S. Fontaine, Veolia Water Technologies & Solutions, Orlando, Florida; and R. GUTIERREZ, Veolia Water Technologies & Solutions, Tomball, Texas
The global crude oil supply today looks very different from what it was historically, driven by shifting supply constraints, technological advancements, economic opportunities and other contributing factors. Amid geopolitical changes and global crude trade volatility, crude refining feedstock supplies are expected to evolve rapidly. With these conditions in play, discounted opportunity crudes present a compelling risk/reward scenario. While these crudes offer potential for higher profit margins, their variable feed quality introduces unforeseen processing risks that can bring operational unrest.
Specifically, the instability and incompatibility of opportunity crudes can lead to downstream problems such as fouling, scaling, corrosion, crude oil tank sludging, oily desalter brine, excess slop generation and desalter upsets. Fouling in critical equipment like preheat exchangers and furnaces reduces heat transfer efficiency, resulting in heat loss, decreased plant throughput, higher maintenance costs and unplanned downtime. These issues impact production and profitability. Opportunistic crude buyers must therefore balance the pricing advantages of these crude supplies against the operational challenges they pose.

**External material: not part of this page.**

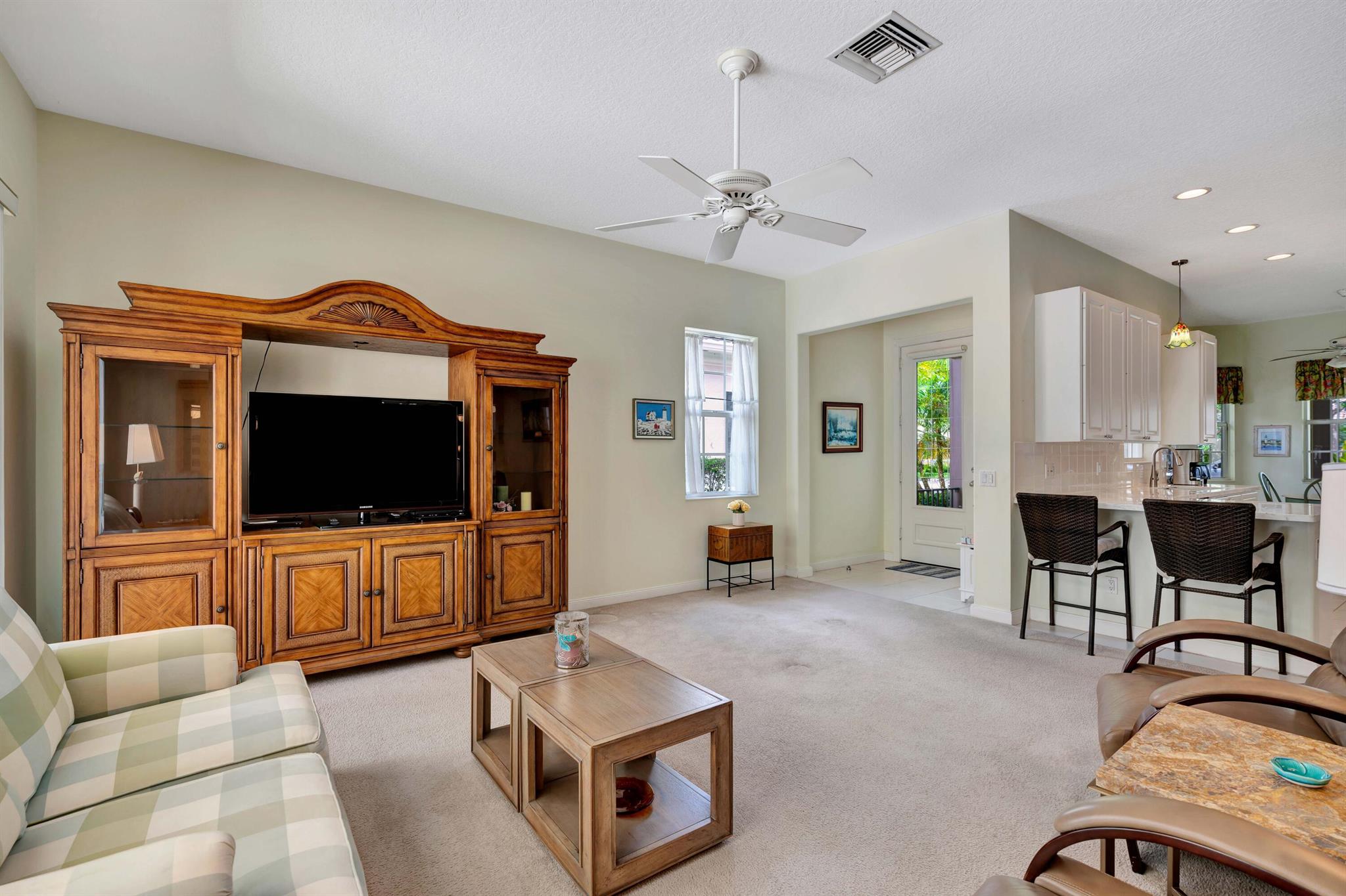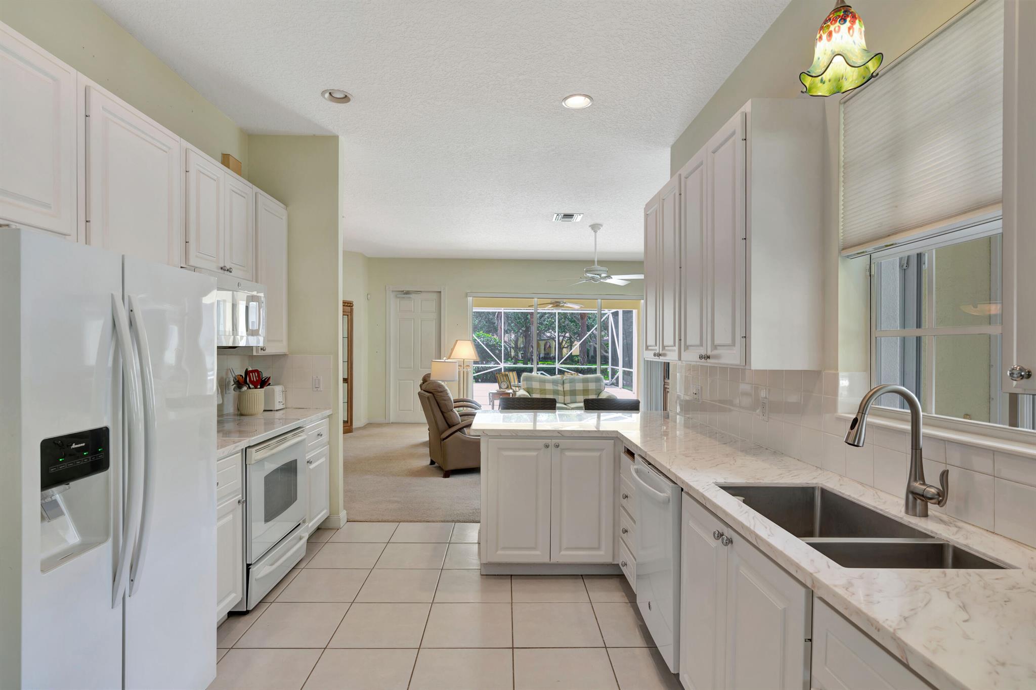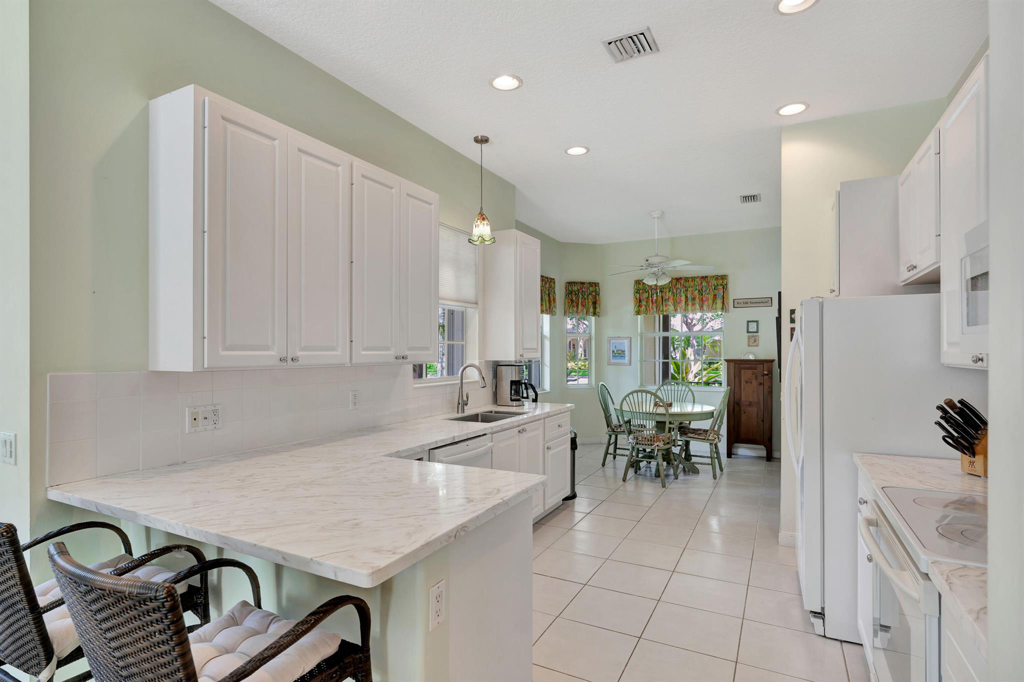 NEW 2025 Roof AND Major Price Reduction!! Located in desirable Tuscany at Abacoa, this 3BR/2BA pool home welcomes you with an open floor plan blending the eat-in kitchen (boasting new quartz countertops) and the living and dining spaces. Enjoy meeting neighbors as you sit on the wrap-around front porch or, for more privacy, the covered patio with a screened pool is the perfect backdrop to relax and entertain.The primary suite also opens to the patio/pool and includes a walk-in closet. Primary bathroom has double sinks, a large tub and separate shower. HOA fee includes lawn maintenance, basic cable, internet, a community pool, fitness center and 2 playgrounds. This lovely home is within a block of the community center & only minutes to Abacoa's Town Center,

Limitations of traditional crude stability testing. Traditional methods to evaluate crude feedstocks often rely on time-intensive laboratory testing, leaving refiners reactive rather than proactive when addressing processing challenges. In some cases, refineries skip testing altogether, adopting a “best guess” approach that can amplify operational risks.
Industry-standard ASTM crude stability methods—such as D7060, D7061, D7112 and D7157—are based on solubility parameters like P-value and S-value, measured through optical detection. These methods are tedious and require extensive sample preparation, including the use of chemicals such as heptane to precipitate asphaltenes and toluene to re-dissolve them, altering the original sample in the process.
The newest standard test, ASTM D8253, employs a manual microscopy-based approach that also relies on optical measurements and uses heptane to precipitate asphaltenes and titration with toluene until an endpoint is reached. Similar to the other methods, D8253 is complex and time-consuming, requiring three iterations and mathematical calculations to derive a stability value.
When it comes to optimizing refining processes, time is paramount, and the limitations of traditional crude stability methods highlight the need for faster, more reliable solutions to predict crude oil compatibility and processing risks.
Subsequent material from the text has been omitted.